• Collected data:
____________________
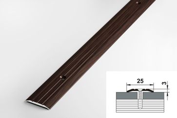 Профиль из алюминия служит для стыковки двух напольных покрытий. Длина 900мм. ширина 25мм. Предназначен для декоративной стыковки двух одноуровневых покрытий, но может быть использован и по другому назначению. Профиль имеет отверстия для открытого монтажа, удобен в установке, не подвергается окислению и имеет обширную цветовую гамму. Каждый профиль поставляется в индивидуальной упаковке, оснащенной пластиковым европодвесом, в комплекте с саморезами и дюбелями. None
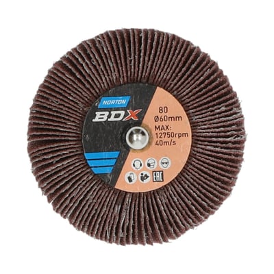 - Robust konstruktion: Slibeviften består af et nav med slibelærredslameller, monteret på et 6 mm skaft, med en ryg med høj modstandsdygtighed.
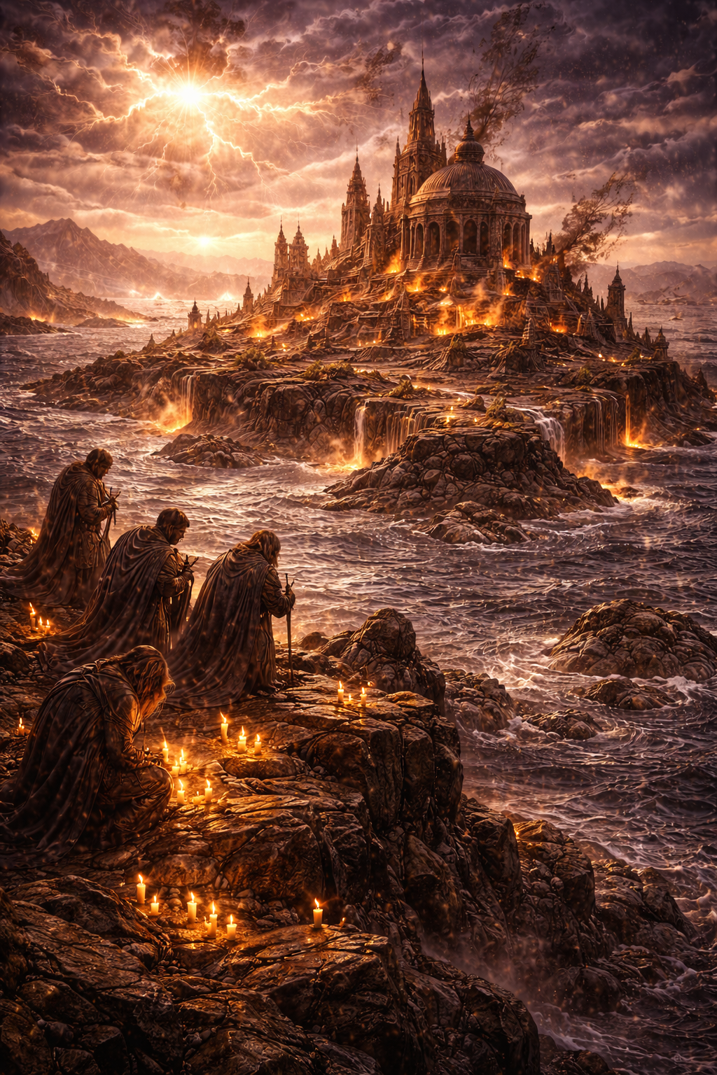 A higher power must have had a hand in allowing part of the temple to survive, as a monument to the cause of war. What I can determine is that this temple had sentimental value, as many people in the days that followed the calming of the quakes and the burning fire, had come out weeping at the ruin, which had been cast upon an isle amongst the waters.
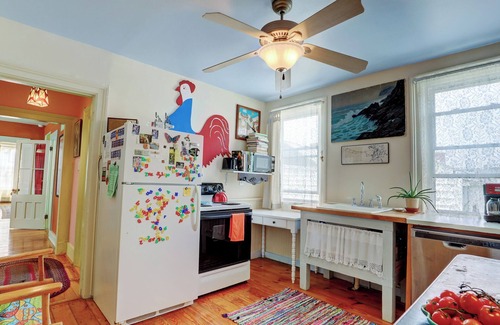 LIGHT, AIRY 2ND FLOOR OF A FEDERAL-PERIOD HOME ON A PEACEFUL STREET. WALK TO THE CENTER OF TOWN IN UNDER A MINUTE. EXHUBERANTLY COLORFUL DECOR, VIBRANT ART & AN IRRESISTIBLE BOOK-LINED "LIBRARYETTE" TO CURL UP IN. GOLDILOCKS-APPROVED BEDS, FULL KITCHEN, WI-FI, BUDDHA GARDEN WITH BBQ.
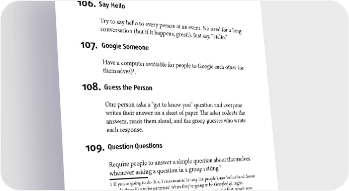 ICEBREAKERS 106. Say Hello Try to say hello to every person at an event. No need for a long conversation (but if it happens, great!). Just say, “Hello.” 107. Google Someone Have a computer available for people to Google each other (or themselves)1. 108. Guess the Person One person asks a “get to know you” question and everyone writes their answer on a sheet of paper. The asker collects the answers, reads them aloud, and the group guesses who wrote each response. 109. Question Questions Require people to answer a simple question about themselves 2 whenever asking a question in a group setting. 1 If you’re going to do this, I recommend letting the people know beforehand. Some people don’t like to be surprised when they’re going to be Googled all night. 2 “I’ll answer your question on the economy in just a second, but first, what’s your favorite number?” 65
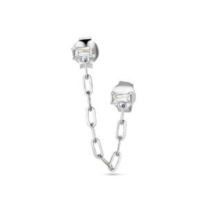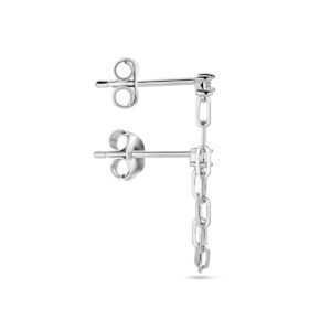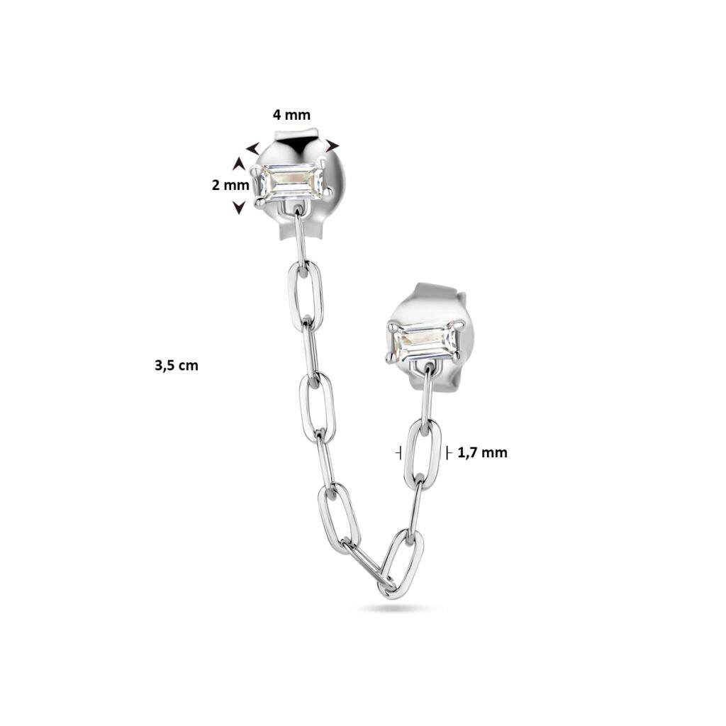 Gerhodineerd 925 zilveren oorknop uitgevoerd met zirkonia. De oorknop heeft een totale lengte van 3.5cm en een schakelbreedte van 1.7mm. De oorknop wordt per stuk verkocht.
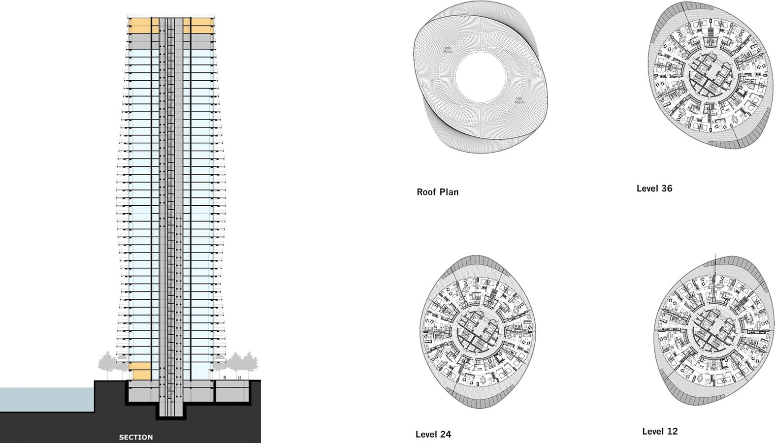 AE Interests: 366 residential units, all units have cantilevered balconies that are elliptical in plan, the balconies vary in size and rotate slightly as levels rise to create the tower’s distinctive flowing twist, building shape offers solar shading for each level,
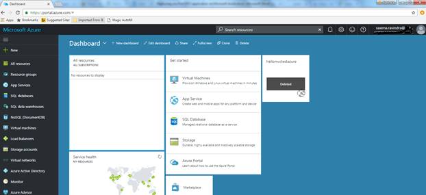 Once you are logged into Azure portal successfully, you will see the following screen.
____________________
Restate the data above word for word. Skip every picture.

• EXPECTED ANSWER:
 Профиль из алюминия служит для стыковки двух напольных покрытий. Длина 900мм. ширина 25мм. Предназначен для декоративной стыковки двух одноуровневых покрытий, но может быть использован и по другому назначению. Профиль имеет отверстия для открытого монтажа, удобен в установке, не подвергается окислению и имеет обширную цветовую гамму. Каждый профиль поставляется в индивидуальной упаковке, оснащенной пластиковым европодвесом, в комплекте с саморезами и дюбелями. None
 - Robust konstruktion: Slibeviften består af et nav med slibelærredslameller, monteret på et 6 mm skaft, med en ryg med høj modstandsdygtighed.
 A higher power must have had a hand in allowing part of the temple to survive, as a monument to the cause of war. What I can determine is that this temple had sentimental value, as many people in the days that followed the calming of the quakes and the burning fire, had come out weeping at the ruin, which had been cast upon an isle amongst the waters.
 LIGHT, AIRY 2ND FLOOR OF A FEDERAL-PERIOD HOME ON A PEACEFUL STREET. WALK TO THE CENTER OF TOWN IN UNDER A MINUTE. EXHUBERANTLY COLORFUL DECOR, VIBRANT ART & AN IRRESISTIBLE BOOK-LINED "LIBRARYETTE" TO CURL UP IN. GOLDILOCKS-APPROVED BEDS, FULL KITCHEN, WI-FI, BUDDHA GARDEN WITH BBQ.
 ICEBREAKERS 106. Say Hello Try to say hello to every person at an event. No need for a long conversation (but if it happens, great!). Just say, “Hello.” 107. Google Someone Have a computer available for people to Google each other (or themselves)1. 108. Guess the Person One person asks a “get to know you” question and everyone writes their answer on a sheet of paper. The asker collects the answers, reads them aloud, and the group guesses who wrote each response. 109. Question Questions Require people to answer a simple question about themselves 2 whenever asking a question in a group setting. 1 If you’re going to do this, I recommend letting the people know beforehand. Some people don’t like to be surprised when they’re going to be Googled all night. 2 “I’ll answer your question on the economy in just a second, but first, what’s your favorite number?” 65
 Gerhodineerd 925 zilveren oorknop uitgevoerd met zirkonia. De oorknop heeft een totale lengte van 3.5cm en een schakelbreedte van 1.7mm. De oorknop wordt per stuk verkocht.
 AE Interests: 366 residential units, all units have cantilevered balconies that are elliptical in plan, the balconies vary in size and rotate slightly as levels rise to create the tower’s distinctive flowing twist, building shape offers solar shading for each level,
 Once you are logged into Azure portal successfully, you will see the following screen.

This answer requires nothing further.